320. When a small amount of strong acid is added to an acidic buffer containing \(\mathrm{HA}\) and \(\mathrm{A^-}\), the added \(\mathrm{H^+}\) is mainly consumed by
ⓐ. water to remove all buffer components
ⓑ. \(\mathrm{Na^+}\) to form metallic sodium
ⓒ. \(\mathrm{A^-}\) to form \(\mathrm{HA}\)
ⓓ. \(\mathrm{HA}\) to form \(\mathrm{A^-}\)
Correct Answer: \(\mathrm{A^-}\) to form \(\mathrm{HA}\)

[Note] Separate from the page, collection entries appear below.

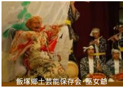
飯塚郷土芸能保存会 巫女節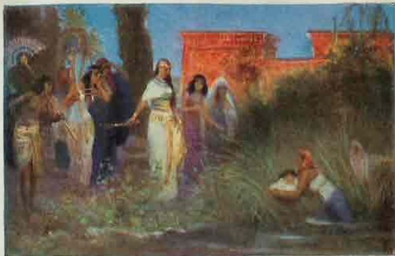
17. Mozes uit het water gered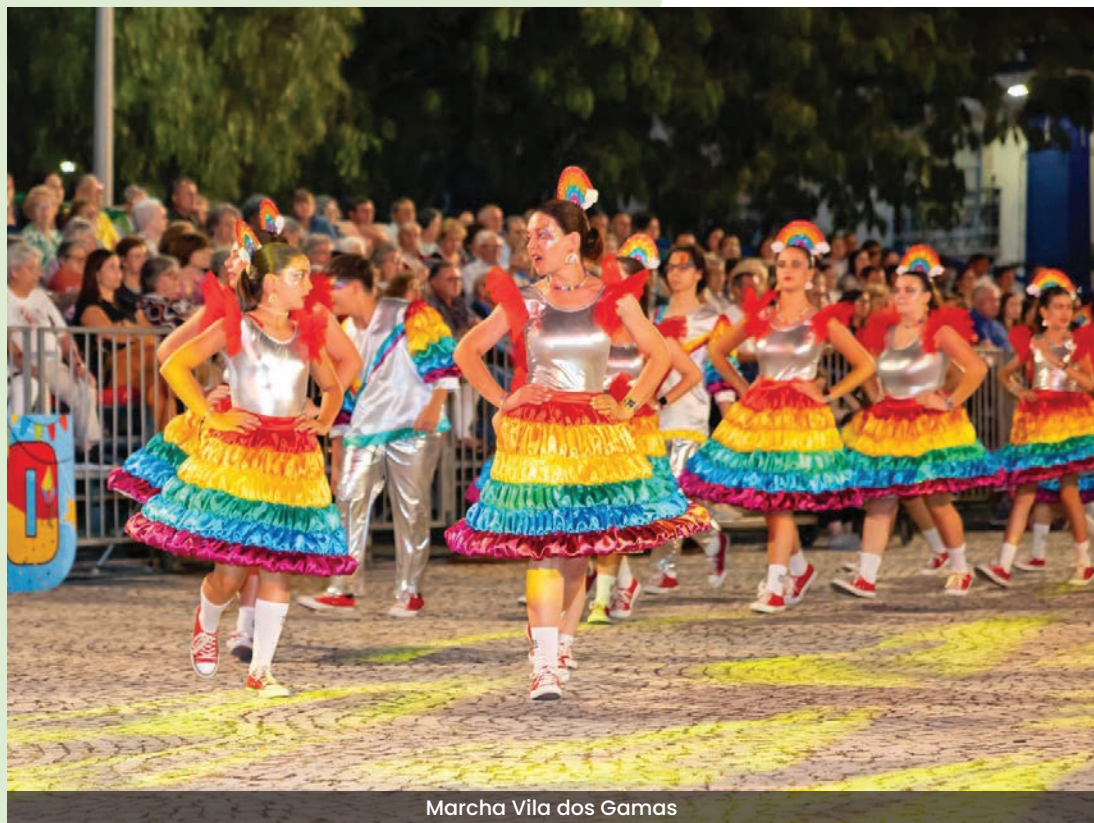
Marcha Vila dos Gamas

É uma das iniciativas populares mais acarinhadas de Vidigueira que resulta do dinamismo de pessoas e entidades. Um momento, em que a Junta de Freguesia se empenha para que as coisas aconteçam. E este ano não foi exceção, as marchas saíram à rua e o arraial foi uma festa.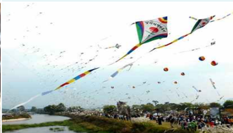
⑧ 지평선 연날리기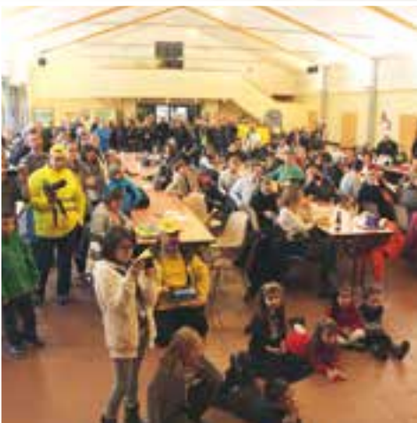
Téléthon... un élan de solidarité pour une cause nationale

Explanation: In an acidic buffer, \(\mathrm{A^-}\) is the conjugate base component. When a small amount of strong acid is added, it supplies \(\mathrm{H^+}\). The conjugate base \(\mathrm{A^-}\) accepts this proton and forms \(\mathrm{HA}\). This reaction reduces the sudden increase in \([\mathrm{H^+}]\). Buffer action is strongest when both \(\mathrm{HA}\) and \(\mathrm{A^-}\) are present in appreciable amounts.